No aspect of Civil War military lore has received less scholarly attention than the battle cry of the Southern soldier. In The Rebel Yell, Craig A. Warren brings together soldiers' memoirs, little-known articles, and recordings to create a fascinating and exhaustive exploration of the facts and myths about the “Southern screech.”
 
Through close readings of numerous accounts, Warren demonstrates that the Rebel yell was not a single, unchanging call, but rather it varied from place to place, evolved over time, and expressed nuanced shades of emotion. A multifunctional act, the flexible Rebel yell was immediately recognizable to friends and foes but acquired new forms and purposes as the epic struggle wore on. A Confederate regiment might deliver the yell in harrowing unison to taunt Union troops across the empty spaces of a battlefield. At other times, individual soldiers would call out solo or in call-and-response fashion to communicate with or secure the perimeters of their camps.
 
The Rebel yell could embody unity and valor, but could also become the voice of racism and hatred. Perhaps most surprising, The Rebel Yell reveals that from Reconstruction through the first half of the twentieth century, the Rebel yell—even more than the Confederate battle flag—served as the most prominent and potent symbol of white Southern defiance of Federal authority.
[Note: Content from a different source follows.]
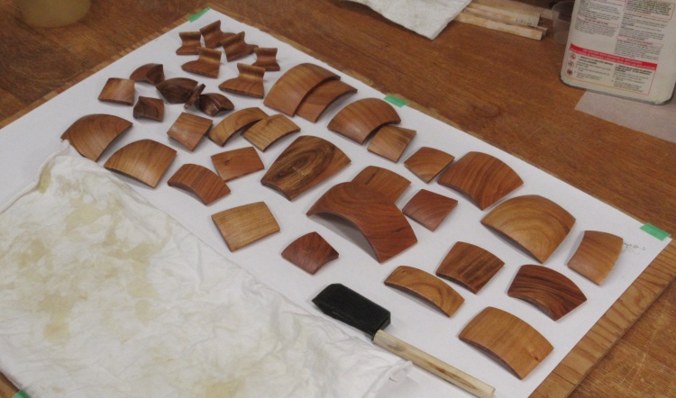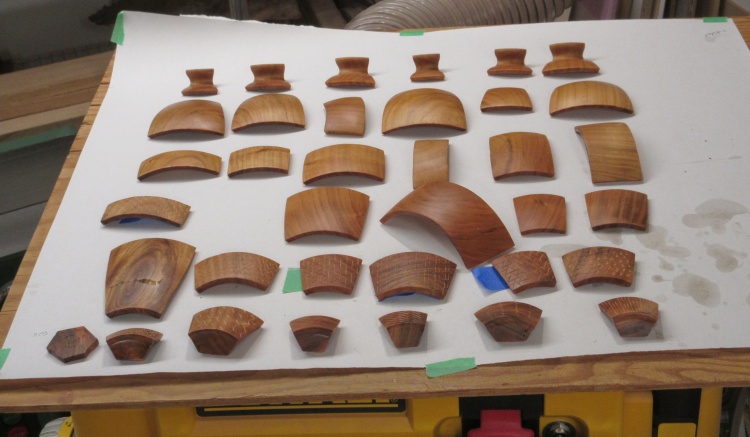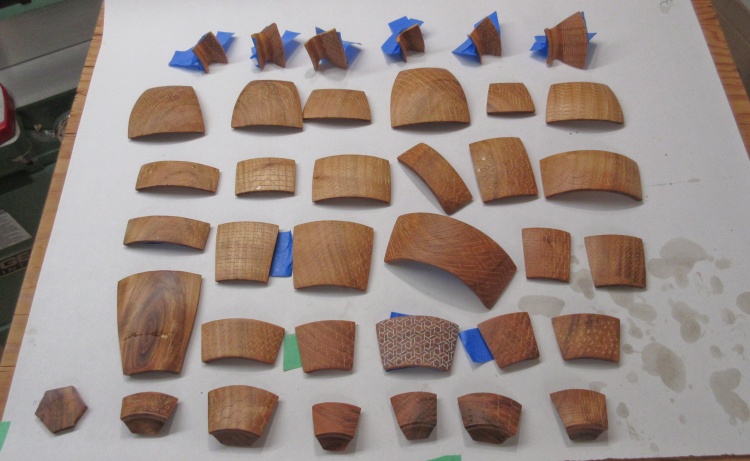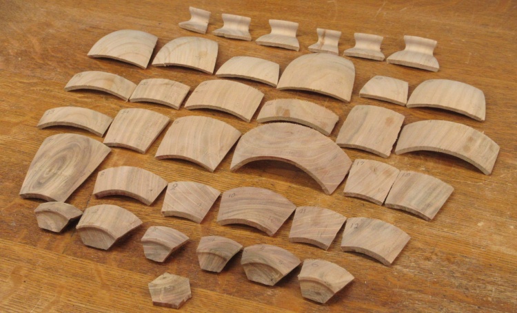 After the two coats of Danish Oil, I left the pieces to harden for a few days and meanwhile arranged them into numerical order again since that was how they were about to go together.

With regard to the late-twentieth and early twenty-first centuries, Warren shows that the yell has served the needs of people the world over: soldiers and civilians, politicians and musicians, re-enactors and humorists, artists and businessmen. Warren dismantles popular assumptions about the Rebel yell as well as the notion that the yell was ever “lost to history.”
 
Both scholarly and accessible, The Rebel Yell contributes to our knowledge of Civil War history and public memory. It shows the centrality of voice and sound to any reckoning of Southern culture.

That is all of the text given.